Им не удалось поговорить в этот вечер. Они остались наедине, лишь когда он проводил ее от лестницы в гостиную, сказав:
– Сегодня вы своей красотой затмите всех женщин. – Она понимала, что это дань вежливости и что герцог сказал бы подобный комплимент любой женщине на ее месте.
Но вместе с тем она вовсе не была в этом уверена. Когда сидящий рядом музыкант попытался вновь завладеть вниманием Корделии, герцог бросил на него такой злобный, уничтожающий взгляд, что Корделия с трудом сдержала улыбку. По крайней мере не она одна терзалась ревностью.
– Давно ли вы сочиняете музыку? – осведомился регент у отца Корделии, прервав безмолвный диалог девушки с Себастьяном. Оба они тотчас же в волнении обратили свои взоры на викария.
Но викарий уже добродушно улыбался.
– О, уже достаточно давно. Тогда я только познакомился со своей будущей женой. До тех пор книги занимали меня гораздо больше, и я не уделял достойного внимания музыке.
К удивлению Корделии, он обратился взором к Гонорине.
– Флоринда умела создать такую обстановку, что хотелось научиться всему. Казалось, она не очень переживала от того, что я вовсе не гожусь в музыканты, я думаю, понятно, что я имею в виду. Она была так счастлива со мной, что ее не удручало то обстоятельство, что в чем-то она была способнее меня.
Гонорина уронила вилку и сильно побледнела.
– Да, молодые люди несколько самонадеянны. Более зрелая женщина бы дважды подумала, прежде чем вести беседы о музыке с человеком без какого-либо опыта в этом деле.
Себастьян вопросительно посмотрел на Корделию, она же пожала плечами. Гонорина и викарий занялись беседой, которую никто более не мог поддержать. К несчастью, регент и судья выглядели довольно смущенными.
Корделия предупредительно посмотрела на Гонорину.
– Хорошо, что мама стала заниматься музыкой с отцом, несмотря на его неопытность. Это позволило ему достичь заметных результатов.

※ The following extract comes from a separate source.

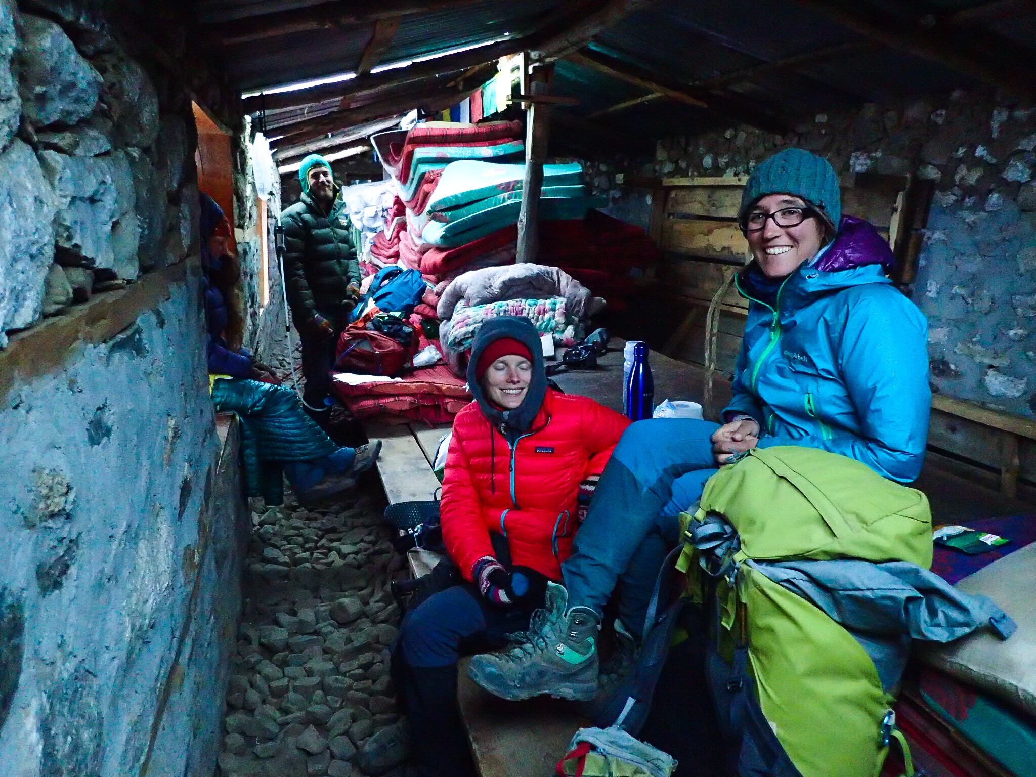 There is no stove at Dharamsala: it was bitter cold. We shared a large sleeping space with the 3 guys and two Czech, who kept Agaman out of his sleep all night by first continuously tapping him as soon as he snored a bit and then snoring really loud themselves. As soon as we settled in everyone crawled into their sleeping bags for comfort. The guides brought us all dal bhat in bed, which was really kind. We had a pretty cosy night up there in our sleeping hall. The guides did not: the one, small blanket they were given bought them little protection against the cold.

Гонорина собиралась было что-то сказать, но тут подали десерт, и она стала выслушивать комплименты гостей по поводу внушительного сооружения из теста наподобие большого корабля, наполненного сушеными и засахаренными фруктами.
Слава Богу, все принялись за еду и опасные разговоры между Гонориной и викарием прекратились. Но Корделия уже не могла успокоиться. Эта мелкая неприятность лишь усилила ее нервозность.
Когда Гонорина объявила, что сейчас наступило время исполнения музыкальных произведений, Корделия вышла из-за стола и руки ее тряслись так, что она с трудом держала веер. Она пыталась вежливо разговаривать с музыкантом, улыбаться всем, но тревога захватила ее целиком.